_Task prompt_:
Which of the lines below mention the word "River"? Pull each one out.
═══ Dataset extract ═══
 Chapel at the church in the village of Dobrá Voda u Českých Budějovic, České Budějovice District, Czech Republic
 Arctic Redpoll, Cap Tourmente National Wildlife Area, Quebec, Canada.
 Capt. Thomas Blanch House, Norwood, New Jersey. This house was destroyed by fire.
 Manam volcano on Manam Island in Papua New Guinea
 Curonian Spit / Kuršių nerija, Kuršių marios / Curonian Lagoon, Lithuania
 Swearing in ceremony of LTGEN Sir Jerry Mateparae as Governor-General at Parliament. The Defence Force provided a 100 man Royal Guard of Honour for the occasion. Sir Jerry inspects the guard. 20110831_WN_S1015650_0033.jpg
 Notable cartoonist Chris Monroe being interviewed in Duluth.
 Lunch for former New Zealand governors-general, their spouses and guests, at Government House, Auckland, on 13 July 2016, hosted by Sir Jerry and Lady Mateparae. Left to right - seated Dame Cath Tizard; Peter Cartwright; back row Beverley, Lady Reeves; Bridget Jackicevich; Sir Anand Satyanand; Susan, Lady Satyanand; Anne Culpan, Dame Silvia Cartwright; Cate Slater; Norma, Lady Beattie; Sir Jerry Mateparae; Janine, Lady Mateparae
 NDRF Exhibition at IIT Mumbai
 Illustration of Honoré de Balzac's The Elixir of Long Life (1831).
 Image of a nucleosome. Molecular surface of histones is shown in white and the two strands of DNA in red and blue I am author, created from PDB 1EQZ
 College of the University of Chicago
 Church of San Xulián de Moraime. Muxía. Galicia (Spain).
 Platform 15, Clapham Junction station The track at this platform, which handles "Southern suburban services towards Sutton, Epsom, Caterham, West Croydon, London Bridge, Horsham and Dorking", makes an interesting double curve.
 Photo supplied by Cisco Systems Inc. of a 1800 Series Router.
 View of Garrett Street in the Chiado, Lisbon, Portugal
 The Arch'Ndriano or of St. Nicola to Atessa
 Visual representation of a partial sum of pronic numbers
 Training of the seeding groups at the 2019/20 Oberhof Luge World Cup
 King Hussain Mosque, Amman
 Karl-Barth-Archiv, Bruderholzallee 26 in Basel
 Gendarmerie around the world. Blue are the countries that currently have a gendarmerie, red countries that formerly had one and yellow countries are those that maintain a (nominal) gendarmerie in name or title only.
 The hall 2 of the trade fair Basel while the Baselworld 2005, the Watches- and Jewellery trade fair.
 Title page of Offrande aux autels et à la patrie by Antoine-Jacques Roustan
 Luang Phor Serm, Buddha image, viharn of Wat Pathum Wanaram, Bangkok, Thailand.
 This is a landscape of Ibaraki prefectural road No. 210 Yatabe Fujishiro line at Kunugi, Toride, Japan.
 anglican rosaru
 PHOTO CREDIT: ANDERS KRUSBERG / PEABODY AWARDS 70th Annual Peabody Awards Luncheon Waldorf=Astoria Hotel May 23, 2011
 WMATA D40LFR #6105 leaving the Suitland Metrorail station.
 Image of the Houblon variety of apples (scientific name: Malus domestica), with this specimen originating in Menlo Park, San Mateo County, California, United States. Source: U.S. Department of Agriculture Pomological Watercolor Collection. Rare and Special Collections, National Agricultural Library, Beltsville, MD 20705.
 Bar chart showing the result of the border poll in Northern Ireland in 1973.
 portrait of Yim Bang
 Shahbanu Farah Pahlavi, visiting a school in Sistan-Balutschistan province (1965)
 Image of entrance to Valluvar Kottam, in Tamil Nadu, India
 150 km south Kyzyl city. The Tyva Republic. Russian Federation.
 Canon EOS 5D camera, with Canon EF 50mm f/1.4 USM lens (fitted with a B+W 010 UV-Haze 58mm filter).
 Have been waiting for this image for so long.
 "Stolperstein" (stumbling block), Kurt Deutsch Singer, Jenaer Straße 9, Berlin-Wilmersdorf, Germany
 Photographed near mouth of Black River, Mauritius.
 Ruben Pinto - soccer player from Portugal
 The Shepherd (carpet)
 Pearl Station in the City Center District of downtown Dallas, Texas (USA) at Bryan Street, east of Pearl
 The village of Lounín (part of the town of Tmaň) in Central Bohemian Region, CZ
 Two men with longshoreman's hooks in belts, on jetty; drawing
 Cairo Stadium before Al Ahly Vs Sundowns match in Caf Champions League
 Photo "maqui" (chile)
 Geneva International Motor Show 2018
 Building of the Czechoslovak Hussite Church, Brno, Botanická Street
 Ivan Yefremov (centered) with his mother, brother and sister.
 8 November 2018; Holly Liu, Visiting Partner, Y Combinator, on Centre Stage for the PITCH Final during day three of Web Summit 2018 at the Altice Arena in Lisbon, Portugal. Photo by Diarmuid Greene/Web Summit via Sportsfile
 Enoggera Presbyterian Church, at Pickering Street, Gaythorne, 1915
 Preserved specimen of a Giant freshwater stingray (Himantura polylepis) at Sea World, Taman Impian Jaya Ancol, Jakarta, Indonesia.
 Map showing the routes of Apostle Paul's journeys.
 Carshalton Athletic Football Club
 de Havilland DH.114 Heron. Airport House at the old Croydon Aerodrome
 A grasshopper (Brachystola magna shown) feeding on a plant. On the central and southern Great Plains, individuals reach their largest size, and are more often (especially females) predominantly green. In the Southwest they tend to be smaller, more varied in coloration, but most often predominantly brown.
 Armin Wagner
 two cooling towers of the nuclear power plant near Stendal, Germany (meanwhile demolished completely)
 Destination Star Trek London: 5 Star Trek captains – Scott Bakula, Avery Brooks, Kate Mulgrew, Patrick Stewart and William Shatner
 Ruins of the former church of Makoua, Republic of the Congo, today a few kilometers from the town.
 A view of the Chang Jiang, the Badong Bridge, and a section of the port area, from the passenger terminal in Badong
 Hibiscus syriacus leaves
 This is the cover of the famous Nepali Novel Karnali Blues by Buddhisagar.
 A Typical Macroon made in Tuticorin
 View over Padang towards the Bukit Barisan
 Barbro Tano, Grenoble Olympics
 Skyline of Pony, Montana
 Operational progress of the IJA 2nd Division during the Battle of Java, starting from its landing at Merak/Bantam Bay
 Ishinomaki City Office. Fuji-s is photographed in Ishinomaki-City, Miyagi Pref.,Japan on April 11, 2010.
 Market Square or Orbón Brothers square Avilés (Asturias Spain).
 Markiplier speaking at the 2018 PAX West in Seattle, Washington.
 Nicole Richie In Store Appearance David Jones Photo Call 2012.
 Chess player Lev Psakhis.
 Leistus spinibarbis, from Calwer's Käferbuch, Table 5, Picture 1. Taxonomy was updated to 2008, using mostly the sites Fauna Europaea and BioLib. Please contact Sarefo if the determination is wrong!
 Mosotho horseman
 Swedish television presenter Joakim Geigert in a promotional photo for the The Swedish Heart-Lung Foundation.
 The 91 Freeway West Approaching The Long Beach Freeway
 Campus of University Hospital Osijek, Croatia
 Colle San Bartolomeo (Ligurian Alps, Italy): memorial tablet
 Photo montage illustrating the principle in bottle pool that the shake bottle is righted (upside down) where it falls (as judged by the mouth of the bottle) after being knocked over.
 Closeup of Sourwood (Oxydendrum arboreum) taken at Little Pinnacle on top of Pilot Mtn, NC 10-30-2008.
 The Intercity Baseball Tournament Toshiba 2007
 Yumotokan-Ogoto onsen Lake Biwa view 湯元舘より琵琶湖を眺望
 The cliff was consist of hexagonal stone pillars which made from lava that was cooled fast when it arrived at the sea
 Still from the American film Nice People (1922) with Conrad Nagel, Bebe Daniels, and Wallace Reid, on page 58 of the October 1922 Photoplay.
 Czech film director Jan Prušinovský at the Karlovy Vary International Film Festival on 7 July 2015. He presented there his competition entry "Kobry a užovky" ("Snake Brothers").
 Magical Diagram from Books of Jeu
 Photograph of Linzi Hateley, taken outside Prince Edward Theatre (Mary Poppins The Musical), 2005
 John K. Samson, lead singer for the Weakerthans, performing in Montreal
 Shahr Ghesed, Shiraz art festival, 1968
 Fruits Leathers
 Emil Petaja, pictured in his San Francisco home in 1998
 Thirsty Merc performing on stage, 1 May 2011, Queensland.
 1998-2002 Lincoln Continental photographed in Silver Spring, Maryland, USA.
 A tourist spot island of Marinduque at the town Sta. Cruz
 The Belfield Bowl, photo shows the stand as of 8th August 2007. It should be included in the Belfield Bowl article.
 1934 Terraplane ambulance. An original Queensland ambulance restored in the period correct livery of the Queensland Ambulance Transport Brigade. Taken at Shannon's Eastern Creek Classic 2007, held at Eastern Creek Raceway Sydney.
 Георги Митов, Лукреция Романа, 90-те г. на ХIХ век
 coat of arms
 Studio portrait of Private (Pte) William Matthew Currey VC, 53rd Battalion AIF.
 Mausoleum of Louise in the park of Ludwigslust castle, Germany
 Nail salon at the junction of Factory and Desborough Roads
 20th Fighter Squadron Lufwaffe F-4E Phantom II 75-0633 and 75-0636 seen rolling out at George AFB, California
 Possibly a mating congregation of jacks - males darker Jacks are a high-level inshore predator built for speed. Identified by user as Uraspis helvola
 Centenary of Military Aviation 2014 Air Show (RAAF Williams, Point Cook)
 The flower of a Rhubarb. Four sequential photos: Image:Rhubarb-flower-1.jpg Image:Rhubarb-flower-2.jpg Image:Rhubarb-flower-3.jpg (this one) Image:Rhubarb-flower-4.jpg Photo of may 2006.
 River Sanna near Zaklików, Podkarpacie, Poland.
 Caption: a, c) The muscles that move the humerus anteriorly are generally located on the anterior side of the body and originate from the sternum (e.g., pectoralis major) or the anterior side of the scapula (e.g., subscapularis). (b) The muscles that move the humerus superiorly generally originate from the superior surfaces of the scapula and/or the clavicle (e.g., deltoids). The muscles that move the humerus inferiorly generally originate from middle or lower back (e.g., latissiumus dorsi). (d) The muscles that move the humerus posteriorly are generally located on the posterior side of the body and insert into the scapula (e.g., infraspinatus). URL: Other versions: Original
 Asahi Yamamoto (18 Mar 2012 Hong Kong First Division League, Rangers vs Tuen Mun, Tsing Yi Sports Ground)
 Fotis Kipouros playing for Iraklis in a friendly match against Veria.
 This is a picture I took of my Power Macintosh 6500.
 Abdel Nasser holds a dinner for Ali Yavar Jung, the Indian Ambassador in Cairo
═══
_Output of the task_:
 Photographed near mouth of Black River, Mauritius.
 River Sanna near Zaklików, Podkarpacie, Poland.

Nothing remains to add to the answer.